Knowing this, I should have been using createThread from the start for the kind of communicating processes I'm looking for.
Using createThread and the ptr workaround, I now managed to get the simple program to work OK.
import strutils
type
StringChannel = TChannel[string]
var
channels : array[0..3, StringChannel]
thr: array [0..3, TThread[ptr StringChannel]]
proc consumer(channel: ptr StringChannel) {.thread.} =
echo channel[].recv()
channel[].send("fighters")
proc main =
for ix in 0..3: channels[ix].open()
for ix in 0..3: createThread(thr[ix], consumer, addr(channels[ix]))
for ix in 0..3: channels[ix].send("foo (" & intToStr(ix) & ")")
joinThreads(thr)
for ix in 0..3: echo channels[ix].recv()
for ix in 0..3: channels[ix].close()
when isMainModule:
main()
The compiler still gives the not GC-safe warning, but the program is working correct. So, I'll go for this approach in the real program I'm writing.
@def, @Araq, @OderWat: Thanks a lot help me out on this in such a short timeframe. It's much appreciated !
The ticket associated with this forum thread was closed 2 weeks ago ( https://github.com/Araq/Nim/issues/2257 ).
If I raise the value of ch_max high enough in the program below, I can reliably get the program to freeze.
Running on Ubuntu 14.04.2 LTS.
I'm just learning nim, so grain of salt.
I added a comment on the ticket too.
import threadpool
const ch_max:int = 3
var channels: array[1..ch_max, TChannel[string]]

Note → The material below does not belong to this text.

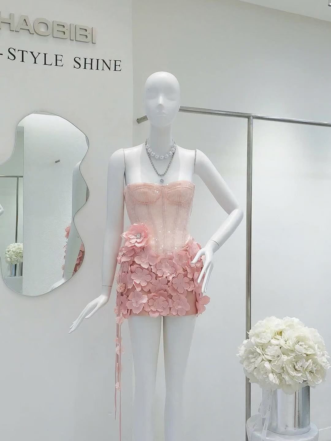 Womens Strapless Sequin Flower Dress

proc consumer(ix : int) {.thread.} =
echo "received: " & channels[ix].recv()
proc main =
for ix in countup(1,ch_max):
echo "opening: " & $ix & "/" & $ch_max
channels[ix].open()
for ix in countup(1,ch_max):
echo "spawning: " & $ix & "/" & $ch_max
spawn consumer(ix)
for ix in countup(1,ch_max):
echo "sending: " & $ix & "/" & $ch_max
channels[ix].send("channel recv " & $ix)
sync()
echo "synced"
for ix in countup(1,ch_max): channels[ix].close()
when isMainModule:
echo "<<begin>>"
main()
echo "<<end>>"
In summary: TChannel has been designed for TThread, spawn plus a channel is wrong.
I think I didn't read the above line closely enough before posting the message above.
Will update comment on ticket
How do you pass multiple args to threads?
i have this
import threadpool, os
const concurrent = 2
type StringChannel = TChannel[string]
type Worker = TThread[ptr StringChannel, int]
var channels:array [0..concurrent, StringChannel]
var threads:array [0..concurrent, Worker]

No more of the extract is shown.